CASA volunteer honored for her advocacy work

‘We can speak up for these kids’

CASA volunteer Debbie Mayer accepted her award last week from United Way Board President Paul Blackburn after the annual allocation social at Best Western Plus Hood River Inn.

Submitted photo
CASA volunteer Debbie Mayer accepted her award last week from United Way Board President Paul Blackburn after the annual allocation social at Best Western Plus Hood River Inn.



Columbia Gorge CASA’s Debbie Mayer was named Columbia Gorge United Way Volunteer of the Year last week, as an “outstanding and dedicated advocate for local children in foster care.”

“I was astonished,” Mayer said she felt when she learned of her honor. “I really enjoy being a CASA and I do it because I enjoy it and I want to help kids. I don’t do it for any kind of recognition.”

Susan Baldwin, volunteer manager for CASA — the independent Court Appointed Special Advocate program — wrote in her nomination: “Throughout her long tenure as a CASA volunteer, Debbie has maintained her original enthusiasm to understand and advocate for the needs of abused and neglected children and never misses an opportunity to learn more about their plight and the effects of trauma on their young, developing brains.

“This month marks Debbie’s 10-year anniversary as a CASA volunteer,” Baldwin noted. Mayer, who lives in Underwood, was sworn into service by Judge John Kelly on July 1, 2008; and since that time, she has advocated for a total of 12 children from five families.

Because three of these children came into foster care twice, Mayer has actually been assigned to a total of 15 separate legal cases in Hood River and Wasco counties. On average, Mayer has spent more than two years and hundreds of hours advocating for each of her 15 kids/cases. CASA also represents children in Sherman County.

Mayer said she has grown in confidence as an advocate, recalling her early reticence about standing up and speaking in court. But the big lesson she has learned over the years is this: Judges, and attorneys, want to hear from CASAs.

“I see it in every case I work on: Everyone wants to learn as many perspectives as they can; and it is the CASAs who have spoken with the kids and family members, teachers and others who know them,” she said, noting that CASAs are independent and thus free to think in the broadest possible terms about each child’s case.

“We have that quasi-naïve approach, we can plant the seed of an idea that might get people truly thinking about a solution that will help the child,” she said.

A standout experience with a successful outcome was a first-grader from Parkdale who had been placed with several foster families and experienced abuse in one of the homes, but was then placed with a family he loved and trusted. However, they were moving out of state and the foster system was not going to allow him to go with them.
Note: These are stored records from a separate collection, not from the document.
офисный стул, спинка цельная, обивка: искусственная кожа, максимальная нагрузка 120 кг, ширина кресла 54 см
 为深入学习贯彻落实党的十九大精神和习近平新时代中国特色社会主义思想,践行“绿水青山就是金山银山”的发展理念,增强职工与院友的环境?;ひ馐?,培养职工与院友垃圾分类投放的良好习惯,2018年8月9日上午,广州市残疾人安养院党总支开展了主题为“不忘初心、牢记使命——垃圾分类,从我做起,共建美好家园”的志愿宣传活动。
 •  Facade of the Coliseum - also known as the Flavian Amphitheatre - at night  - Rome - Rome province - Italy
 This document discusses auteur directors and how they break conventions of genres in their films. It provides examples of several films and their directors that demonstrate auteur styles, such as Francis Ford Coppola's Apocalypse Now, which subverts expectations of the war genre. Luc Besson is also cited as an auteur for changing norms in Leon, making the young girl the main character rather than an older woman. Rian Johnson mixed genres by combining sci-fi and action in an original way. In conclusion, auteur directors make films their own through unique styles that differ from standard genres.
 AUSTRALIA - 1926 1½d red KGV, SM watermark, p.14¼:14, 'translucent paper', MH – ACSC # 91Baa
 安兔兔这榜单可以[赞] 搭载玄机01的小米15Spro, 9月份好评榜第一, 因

“He had built a happy relationship with them and as the time of the move neared, he started talking to me and told me he was scared, wondering where he would be sent to and what would happen. It was the day before he turned 7, and brought me to tears,” Mayer said.
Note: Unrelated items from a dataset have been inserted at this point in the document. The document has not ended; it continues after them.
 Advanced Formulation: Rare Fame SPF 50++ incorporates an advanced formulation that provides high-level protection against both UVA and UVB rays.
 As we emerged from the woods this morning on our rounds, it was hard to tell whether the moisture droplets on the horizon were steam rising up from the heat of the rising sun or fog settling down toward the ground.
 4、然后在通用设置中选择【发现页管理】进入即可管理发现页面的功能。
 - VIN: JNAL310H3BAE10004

“I left and got in my car and went home and wrote a letter to all the parties, telling the story,” she said. “I wanted to let people know what this kid was thinking of. He had a family he wanted to be with and they him.”

A special hearing was called and the boy was allowed to travel with his family and stay with them permanently.

“I’m still in touch, I get a call from the foster mom every couple of months and he is doing well,” Mayer said. “I don’t know (where) here he would have gone. Some of these kids are moved too many times and they can’t recover from the trauma, ever.”

The experience demonstrates that “there are all sorts of ways we can speak up for these kids, and sometimes you can take an alternative course instead of the usual one. It shows how a CASA can help, and keep kids from falling through the cracks.”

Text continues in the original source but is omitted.